Here is a link to the question and answer document released by the Conference of Catholic Bishops in England and Wales. I am greatly disappointed with it. My reasons are simple, and I say this with great respect to the bishops. Firstly, as most people will agree, abstaining from meat - in itself - is not penitential. As far as Friday meals go, there is a long tradition in the North of feasting on fish 'n chips. This is certainly no penance. I speak as a devoted fan - indeed, a veritable gourmet of the fish 'n chips emporia (is this the plural of emporium?).

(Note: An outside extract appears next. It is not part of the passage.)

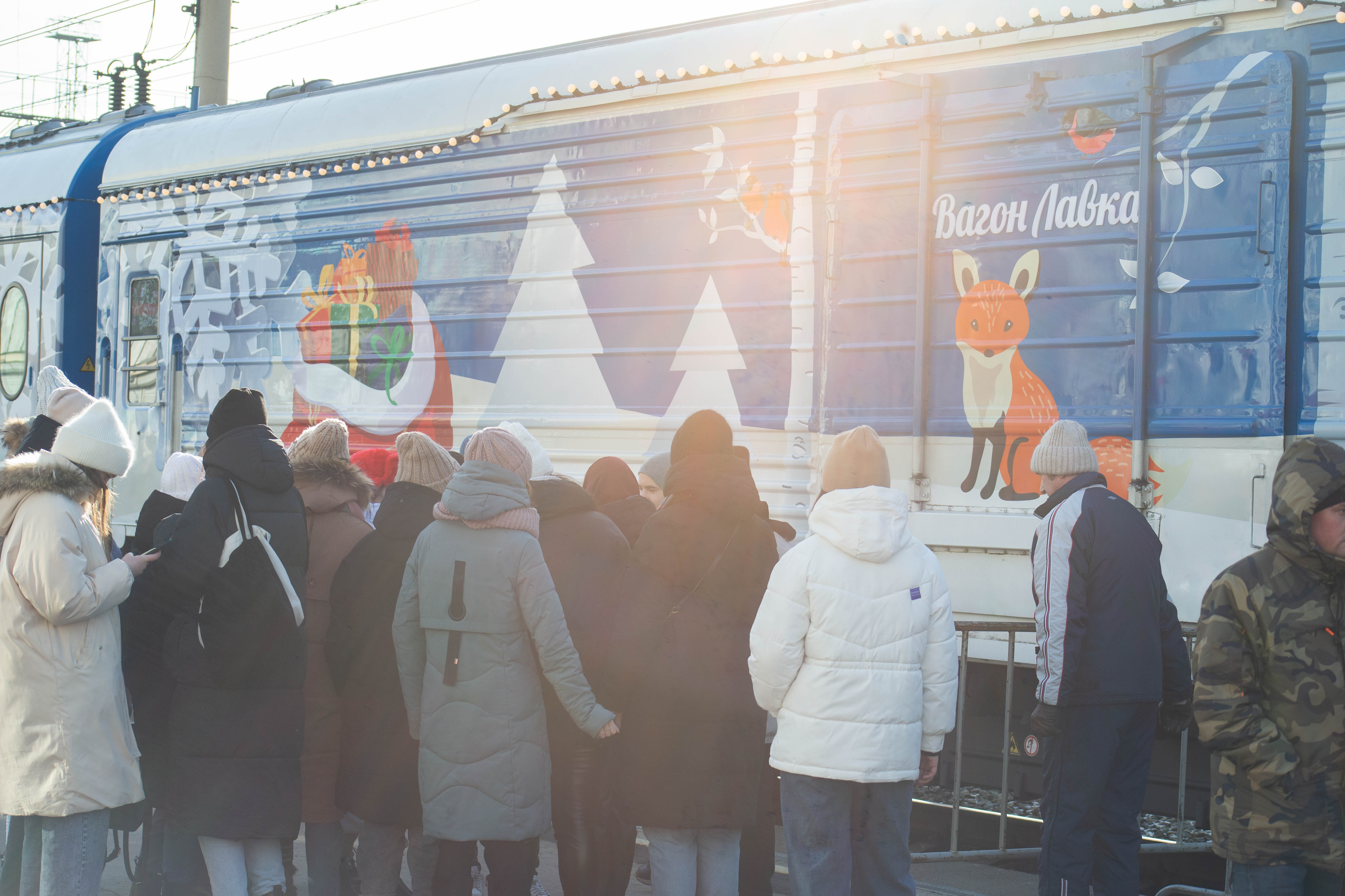 Не только праздничный концерт радует горожан, но и вагоны свободного посещения. В 10-ом вагон-лавке можно приобрести разную сувенирную продукцию. В 11-ом вагоне - фотозона, а в 12-ом - вагон-ресторан. Для тех, кто успел приобрести билеты, проход отдельно организован в 6-ой вагон (не забудьте на детей свидетельство о рождении и сам билет можно показать в телефоне).

The idea that abstaining from meat becomes penitential simply because we say it is, is nonsense. Sorry, but there it is. As a gesture towards declaring our allegiance to the Roman Catholic Church it has some merit - this is agreed. However, as an act of witness to the reason behind Friday penance (remembrance of the Passion of Christ) it fails - even dismally.

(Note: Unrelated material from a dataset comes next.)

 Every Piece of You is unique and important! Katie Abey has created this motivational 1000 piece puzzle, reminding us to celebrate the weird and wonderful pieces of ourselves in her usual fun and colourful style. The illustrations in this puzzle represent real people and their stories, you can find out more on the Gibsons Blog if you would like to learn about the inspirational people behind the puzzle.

Let's construct what is not an unusual scenario. The devout Catholic male, invited out to a slap-up party where the wine and beer are flowing freely says, "Yes, I'll be there, but just so you know - I cannot eat meat because it's Friday". Is this, in any way, a remarkable test of faith? Is it a witness to faith of any depth? Is it, in fact, an act of penance? The answer, I think, in each case is painfully obvious.
The whole idea of Friday penance, surely involves refraining from parties, pub dinners, celebrations etc. It must at least include the possibility of abstaining from TV and the cinema. What on earth does "penance" mean? Sorry, but - and with respect - I must, in conscience, tell my parishioners what I think Friday penance means. Abstaining from meat certainly, but not in the context of a slap-up do.